Exercise
Please retype all of the entries that follow, leaving the images out.

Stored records
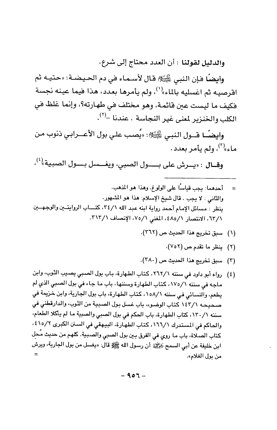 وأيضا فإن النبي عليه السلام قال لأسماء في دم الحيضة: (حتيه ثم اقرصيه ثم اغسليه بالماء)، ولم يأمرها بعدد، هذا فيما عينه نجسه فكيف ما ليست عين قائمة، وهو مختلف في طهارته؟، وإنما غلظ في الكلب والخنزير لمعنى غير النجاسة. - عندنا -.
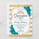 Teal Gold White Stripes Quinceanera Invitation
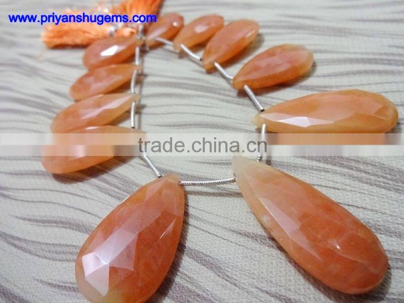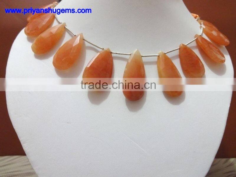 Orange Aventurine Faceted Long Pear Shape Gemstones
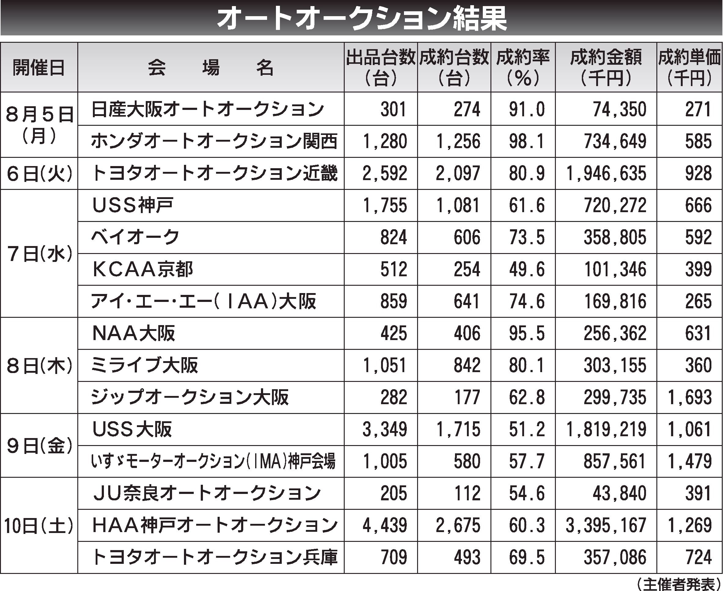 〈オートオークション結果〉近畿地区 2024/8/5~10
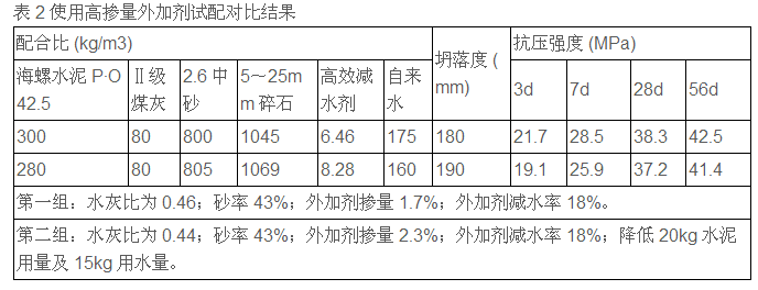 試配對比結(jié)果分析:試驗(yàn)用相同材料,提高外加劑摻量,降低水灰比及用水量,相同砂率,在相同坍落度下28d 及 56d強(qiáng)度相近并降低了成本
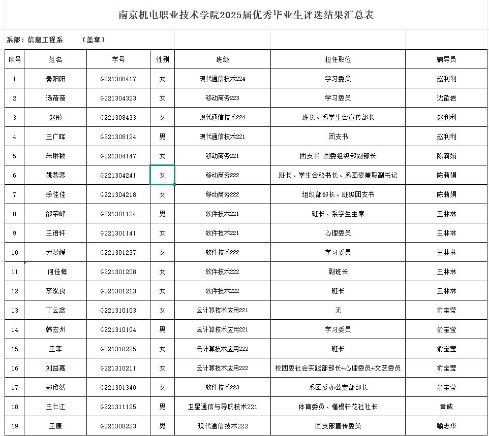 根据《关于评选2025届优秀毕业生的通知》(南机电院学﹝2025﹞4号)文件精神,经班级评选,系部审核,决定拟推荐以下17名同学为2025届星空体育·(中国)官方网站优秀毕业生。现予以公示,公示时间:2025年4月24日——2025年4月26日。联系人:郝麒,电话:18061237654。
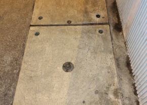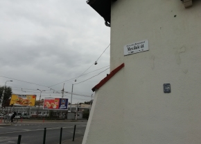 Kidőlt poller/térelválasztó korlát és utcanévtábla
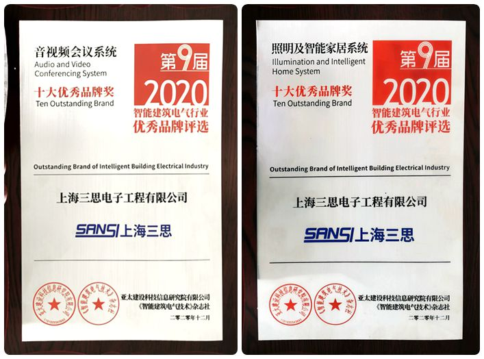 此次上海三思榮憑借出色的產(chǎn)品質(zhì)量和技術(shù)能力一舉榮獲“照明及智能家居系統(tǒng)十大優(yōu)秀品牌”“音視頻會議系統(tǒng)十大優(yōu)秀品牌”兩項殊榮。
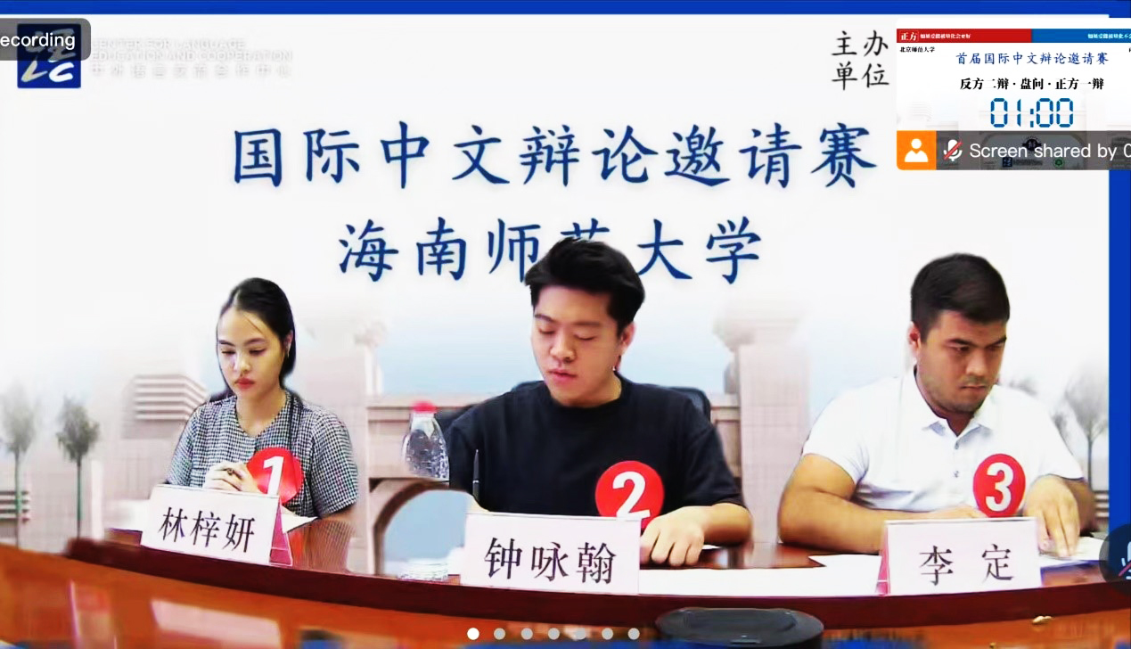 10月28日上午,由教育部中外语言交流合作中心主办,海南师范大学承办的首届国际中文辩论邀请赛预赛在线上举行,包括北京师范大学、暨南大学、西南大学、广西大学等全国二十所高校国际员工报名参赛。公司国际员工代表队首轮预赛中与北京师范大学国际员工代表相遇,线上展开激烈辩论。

Output
 وأيضا فإن النبي عليه السلام قال لأسماء في دم الحيضة: (حتيه ثم اقرصيه ثم اغسليه بالماء)، ولم يأمرها بعدد، هذا فيما عينه نجسه فكيف ما ليست عين قائمة، وهو مختلف في طهارته؟، وإنما غلظ في الكلب والخنزير لمعنى غير النجاسة. - عندنا -.
 Teal Gold White Stripes Quinceanera Invitation
 Orange Aventurine Faceted Long Pear Shape Gemstones
 〈オートオークション結果〉近畿地区 2024/8/5~10
 試配對比結(jié)果分析:試驗(yàn)用相同材料,提高外加劑摻量,降低水灰比及用水量,相同砂率,在相同坍落度下28d 及 56d強(qiáng)度相近并降低了成本
 根据《关于评选2025届优秀毕业生的通知》(南机电院学﹝2025﹞4号)文件精神,经班级评选,系部审核,决定拟推荐以下17名同学为2025届星空体育·(中国)官方网站优秀毕业生。现予以公示,公示时间:2025年4月24日——2025年4月26日。联系人:郝麒,电话:18061237654。
 Kidőlt poller/térelválasztó korlát és utcanévtábla
 此次上海三思榮憑借出色的產(chǎn)品質(zhì)量和技術(shù)能力一舉榮獲“照明及智能家居系統(tǒng)十大優(yōu)秀品牌”“音視頻會議系統(tǒng)十大優(yōu)秀品牌”兩項殊榮。
 10月28日上午,由教育部中外语言交流合作中心主办,海南师范大学承办的首届国际中文辩论邀请赛预赛在线上举行,包括北京师范大学、暨南大学、西南大学、广西大学等全国二十所高校国际员工报名参赛。公司国际员工代表队首轮预赛中与北京师范大学国际员工代表相遇,线上展开激烈辩论。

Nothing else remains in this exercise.